[openstack-dev] Termination of the title line of commit messages

Monty Taylor mordred at inaugust.com
Mon Jun 24 22:15:55 UTC 2013



On 06/24/2013 05:56 PM, Mark McLoughlin wrote:
> On Mon, 2013-06-24 at 22:50 +0100, Mark McLoughlin wrote:
>> Hey,
>>
>> Pulling this out of gerrit for discussion.
>>
>> Background is one of my patches to diskimage-builder was -1ed because I
>> terminated the title line of the commit message with a period:
>>
>>   https://review.openstack.org/33262
>>
>> This is actually the exact opposite to what I consider normal practice
>> for git commit messages as I explained in the review and the tripleo
>> wiki page, so I proposed a hacking change here:
>>
>>   https://review.openstack.org/33789
>>
>> The rationale for *not* having a period is:
>>
>>   * With the 50 char limit, space is at a premium on the first line
>>
>>   * The first line is often used as the Subject: in [PATCH] emails -
>>     subject lines in emails generally don't end in a period
>>
>>   * Examples in:
>>
>>       https://wiki.openstack.org/wiki/GitCommitMessages#Summary_of_GIT_commit_message_structure
>>
>>     don't end in period
>>
>>     (Note - the "should not end with a period" was only added by me 
>>     recently)
>>
>>   * Another common reference on git commit messages
>>
>>       http://tbaggery.com/2008/04/19/a-note-about-git-commit-messages.html doesn't either
>>
>>   * In git's own git repo, 1.43% of commit messages in the last year 
>>     ended in a period
>>
>>   * I'm not aware of any other OpenStack project which enforces this. 
>>     Looking at the history of various projects for the past year (and 
>>     excluding merge commits which don't end with a period), the use of 
>>     period termination runs at between 10 and 30%.
>>
>> Unlike other nitpicking I tend to do with commit messages, I previously
>> never thought this was worth even mentioning to committers but if some
>> reviewers were going to start -1ing people for the *correct* style then
>> I figured it was best to clear it up.
>>
>> Now, for Robert's comments in the review:
>>
>>> It would have been nice for this to be discussed rather than dropping
>>> into the communal standards without warning;
>>
>> I tried my best do explain why period termination is broken in the
>> diskimage-builder review and wiki page, so it's not like I was trying to
>> avoid a discussion.
>>
>> In any case, if I, jogo and sdague got this wrong somehow, the mistake
>> is only a git-revert away from being corrected.
>>
>>> the prior documentation *did not* require a period,
>>
>> Yes, but the examples didn't use a period which obviously means a policy
>> to *require* a period is a bit bizarre.
>>
>> I'm pretty confident that danpb didn't mention this when he wrote the
>> page because he either felt it was obvious or not worth mentioning.
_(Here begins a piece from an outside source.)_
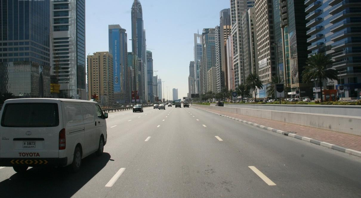 This is a photo showing Sheikh Zayed Road in Dubai, United Arab Emirates as seen on 27 January 2007

I've
>> cc-ed him to be sure.
>>
>>> and the reference that was sourced that
>>> doesn't use them is one in the git-via-email world which is not how
>>> OpenStack does *any* of it's git communications, so the 'gets used
>>> like subject line of emails' point is entirely irrelevant.
>>
>> git was born came from a git-via-email world and its usage conventions
>> reflect that. I raised the subject line point to try and explain how git
>> conventions may have arisen.
>>
>>> In TripleO we have been using a period because the first line of the
>>> commit message acts like the first line of a docstring: it is a pithy
>>> description of the object it describes. Docstrings are also space
>>> limited, and yet PEP8 happily requires good sentence structure and
>>> grammar there.
>>
>> It's not a docstring, though. It's a git commit message.
>>
>>> tl;dr - this is an unpythonic change, and the lack of discussion is
>>> quite annoying.
>>
>> Well, the former point is irrelevant and hopefully this email corrects
>> the latter point :)
> 
> I missed this point:
> 
>> Also not that space is limited to 50 characters by choice, not
>> necessity (the very same external reference about git commit messages
>> pointed out that 50 is not a hard limit). It is a hard limit for us...
>> because we chose to make it so. 
> 
> It's another pretty common git usage convention - I think the idea is to
> make output like 'git log --oneline' fit on 80 char terminals. The
> numbers don't add up, though, so maybe it's another thing from the
> git-via-email world. Also, the idea is probably to take into account
> that the first line can be quoted by e.g. 'Merge "foo"' or 'Revert
> "foo"' in the first line of other commit messages.

Long commit messages also look like poop in gerrit, and I don't think
anyone cares enough about bucking this style thing to go write Java to
fix it.

50 chars is common enough that vim syntax highlighting groks it. I see
no reason to choose a different thing.